BEGIN Exercise data

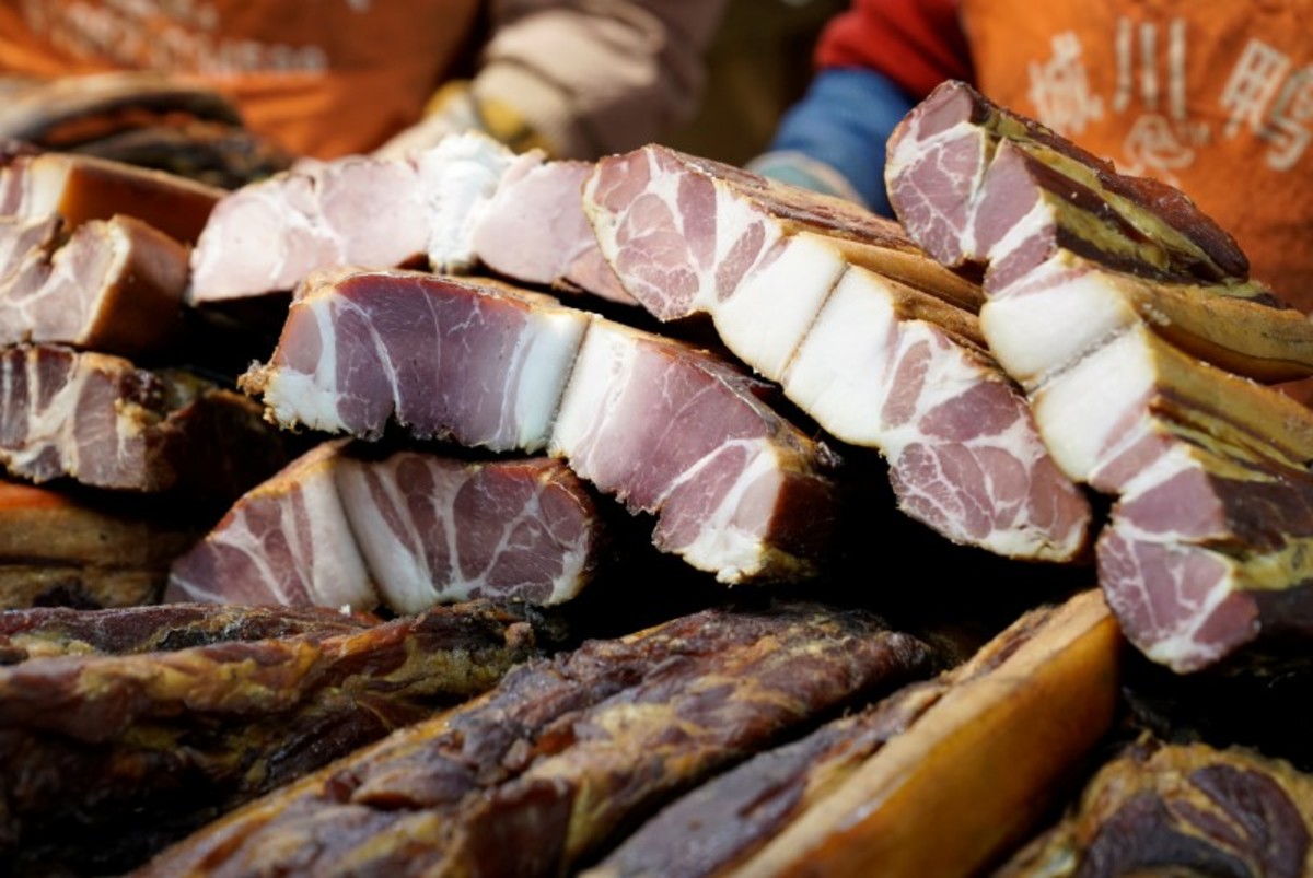 China is the world's top pork consumer and la rou and dried sausage are eaten all over the country. Typically made during winter ahead of the Lunar New Year, strips of pork belly and leg meat are salted or smoked before being left to hang in the sun for days, resulting in dark, hard, salty or spicy meat.
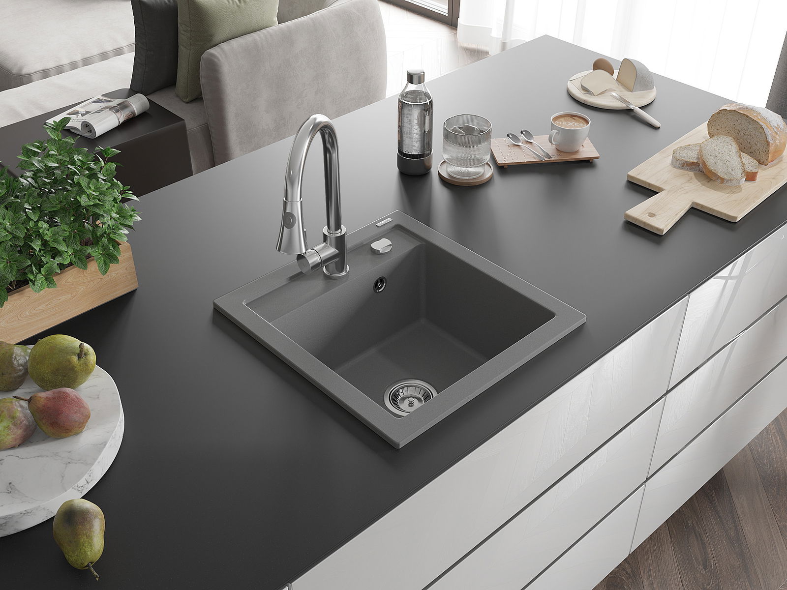 El fregadero está hecho de granito de alta calidad. Constituye un complemento elegante y, sobre todo, práctico para cualquier cocina, independientemente de su estilo. La alta calidad y durabilidad del granito aseguran un uso durante muchos años.
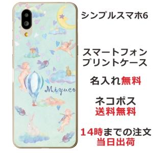 - シンプルスマホ6 ケース A201SH カバー らふら 名入れ エンジェルバルーン
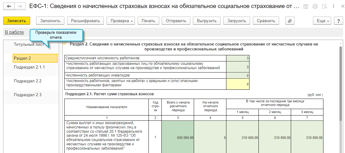 Добавлено автозаполнение раздела 2 "Сведения о начисленных страховых взносах на обязательное социальное страхование от несчастных случаев на производстве и профессиональных заболеваний" формы ЕФС-1. Это замена отмененной формы 4-ФСС. Представляется в Социальный фонд России (СФР) начиная с отчетности за 1 квартал 2023 года (Постановление Правления ПФ РФ от 31.10.2022 № 245п).
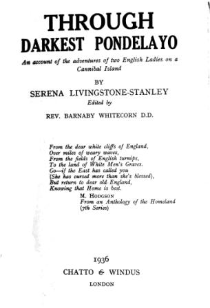 In 1936 the normally staid London publisher, Chatto & Windus, published a stirring account of two women travellers’ adventures in a distant outpost of empire. Entitled Through Darkest Pondelayo, and written by the appropriately christened adventuress Serena Livingstone-Stanley, it was presented in the form of letters back home, edited by one Rev. Barnaby Whitecorn D.D., the author’s ‘next door neighbour’.
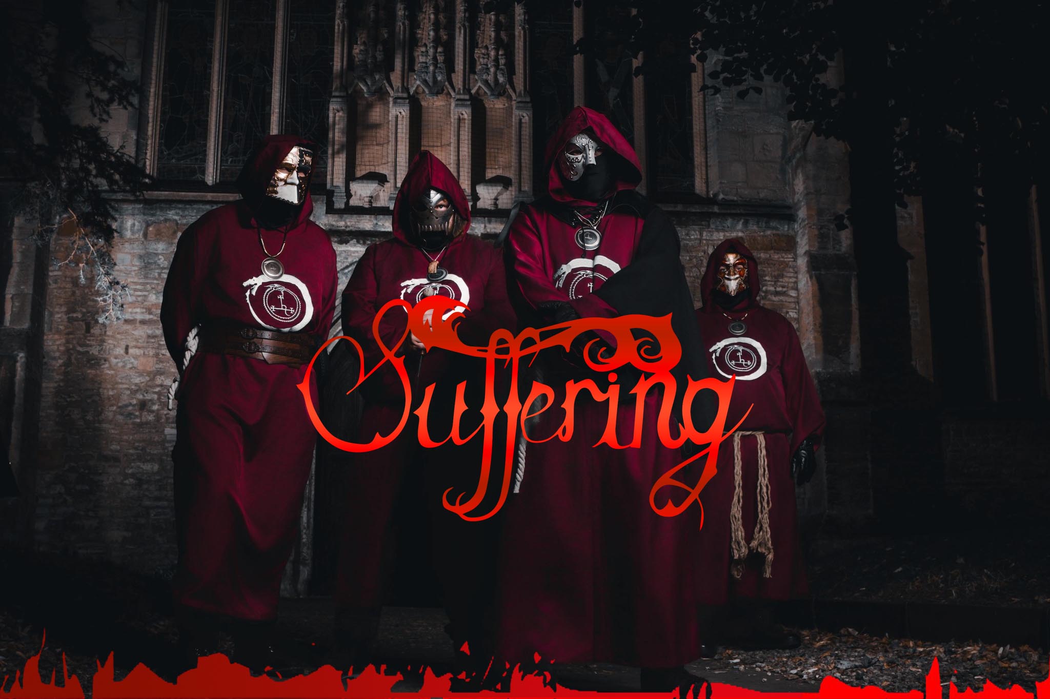 Formados en 2012 en la región británica de West Midlands, Suffering son exponentes del black metal ocultista, conjuradores de pesadillas febriles e invocadores de oscuridad y locura. Su música se nutre del peso opresivo del doom devastador y del fervor violento del black metal más oscuro, uniéndolos en un elixir de veneno que mancha el espíritu y distorsiona la mente. Su primera entrega arcana fue el álbum de 2018, ‘11‘, al que le siguieron dos EP: ‘Temen-Ni-Gru (11:11)‘ en 2022 y ‘Symphonies: Diabolis’ del año pasado. Ahora, recién fichados por Apocalyptic Witchcraft, un sello que el líder de la banda, Sturmgeist Fornicator Insultus, describe como uno que «…apoya, anima y se esfuerza por superar los límites de la música extrema…», están listos para presentar su segundo álbum, su trabajo más fascinante e inquietante hasta la fecha, ‘Things Seen But Always Hidden‘.

END Exercise data

Could you print all the entries exactly as they stand, with the pictures left out?

 China is the world's top pork consumer and la rou and dried sausage are eaten all over the country. Typically made during winter ahead of the Lunar New Year, strips of pork belly and leg meat are salted or smoked before being left to hang in the sun for days, resulting in dark, hard, salty or spicy meat.
 El fregadero está hecho de granito de alta calidad. Constituye un complemento elegante y, sobre todo, práctico para cualquier cocina, independientemente de su estilo. La alta calidad y durabilidad del granito aseguran un uso durante muchos años.
 - シンプルスマホ6 ケース A201SH カバー らふら 名入れ エンジェルバルーン
 Добавлено автозаполнение раздела 2 "Сведения о начисленных страховых взносах на обязательное социальное страхование от несчастных случаев на производстве и профессиональных заболеваний" формы ЕФС-1. Это замена отмененной формы 4-ФСС. Представляется в Социальный фонд России (СФР) начиная с отчетности за 1 квартал 2023 года (Постановление Правления ПФ РФ от 31.10.2022 № 245п).
 In 1936 the normally staid London publisher, Chatto & Windus, published a stirring account of two women travellers’ adventures in a distant outpost of empire. Entitled Through Darkest Pondelayo, and written by the appropriately christened adventuress Serena Livingstone-Stanley, it was presented in the form of letters back home, edited by one Rev. Barnaby Whitecorn D.D., the author’s ‘next door neighbour’.
 Formados en 2012 en la región británica de West Midlands, Suffering son exponentes del black metal ocultista, conjuradores de pesadillas febriles e invocadores de oscuridad y locura. Su música se nutre del peso opresivo del doom devastador y del fervor violento del black metal más oscuro, uniéndolos en un elixir de veneno que mancha el espíritu y distorsiona la mente. Su primera entrega arcana fue el álbum de 2018, ‘11‘, al que le siguieron dos EP: ‘Temen-Ni-Gru (11:11)‘ en 2022 y ‘Symphonies: Diabolis’ del año pasado. Ahora, recién fichados por Apocalyptic Witchcraft, un sello que el líder de la banda, Sturmgeist Fornicator Insultus, describe como uno que «…apoya, anima y se esfuerza por superar los límites de la música extrema…», están listos para presentar su segundo álbum, su trabajo más fascinante e inquietante hasta la fecha, ‘Things Seen But Always Hidden‘.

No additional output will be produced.